## Information shown
╭──

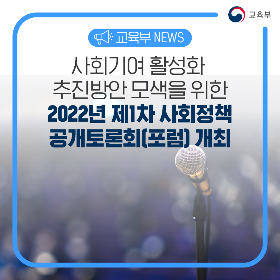교육부는 한국직업능력연구원 등 사회분야 연구기관*과 함께 ‘사회기여**활성화 추진방안’을 주제로 6월 29일(수), 제1차 공개토론회(포럼)를 개최한다.
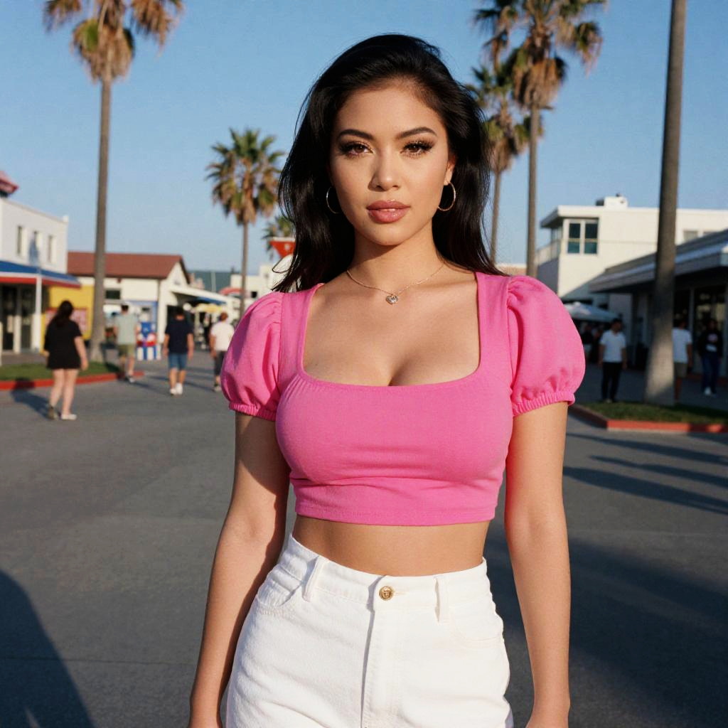 A woman in a trendy hot pink crop top and white high-waisted pants, standing at a fashionable boardwalk in Huntington Beach, captured in the vibrant style of ektachrome film stock. Sexy. Pretty face and beаutiful eyes. Big breasts
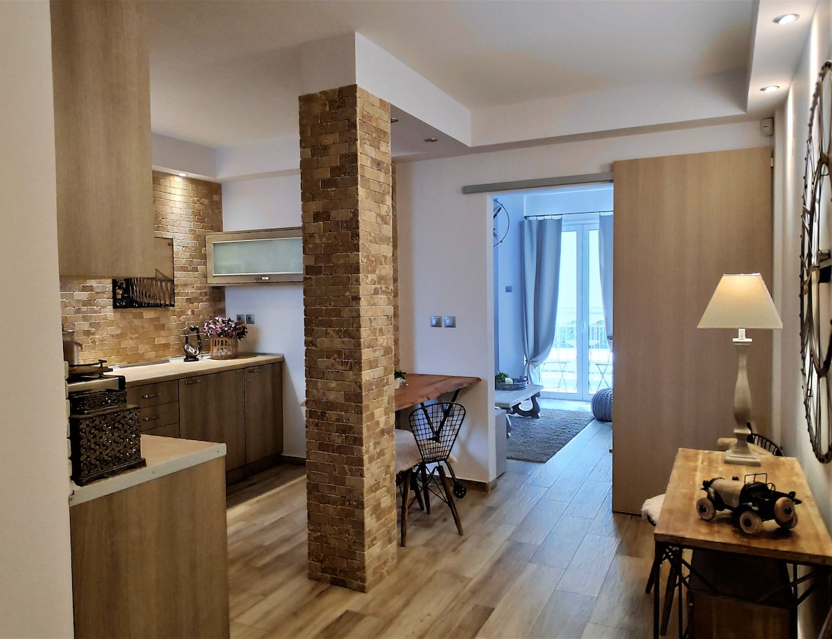 The apartment is located in the center of Piraeus and next to the port. Metro, airport connection, ferries, train, suburban train, bus station and tram all within 100 meters. Central location!! The apartment you are going to stay in is brand new and fully renovated with bedroom, kitchen, living room 69 square meters with high standards and designed by an excellent architect. Located on the 4th floor. It is comfortable and luxurious to make your stay unforgettable!
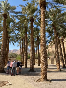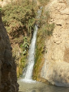 Date palms as far as the eye could see in every direction and a wonderful cool refreshing breeze greeted us at Ein Gedi, the desert oasis south of Jerusalem. Rolling barren, yet hauntingly beautiful, cliff-laden hills suddenly turned to palm trees, scrub brush, low growing trees and beautiful flowers. A rushing stream brought life-giving water to the area. Ein Gedi is the oasis, hidden in the desert, to which young David fled when jealous and suspicious King Saul tried to have him killed. The caves in which he and his men hid in the cliffs are clearly visible from the oasis. Walking the trail, one encountered Ibex, a type of mountain goat, and desert rats. The trail’s upward climb led to rushing water and beautiful waterfalls. For the first time in my life, I understood, experientially, how one feels when you come out of the desert into a refreshing oasis in life. The sound of rushing water, the gentle breeze, trees to shade your path, the calm. Life can be hectic and yet, God provides an oasis to bring us relief. I now have a reassuring mental picture to hold onto.

╰──

## Work task
Reproduce exactly, and only, the lines from the opening line of the listing above through the line holding "A woman in a", minus the pictures.

## Response for this exercise
교육부는 한국직업능력연구원 등 사회분야 연구기관*과 함께 ‘사회기여**활성화 추진방안’을 주제로 6월 29일(수), 제1차 공개토론회(포럼)를 개최한다.
 A woman in a trendy hot pink crop top and white high-waisted pants, standing at a fashionable boardwalk in Huntington Beach, captured in the vibrant style of ektachrome film stock. Sexy. Pretty face and beаutiful eyes. Big breasts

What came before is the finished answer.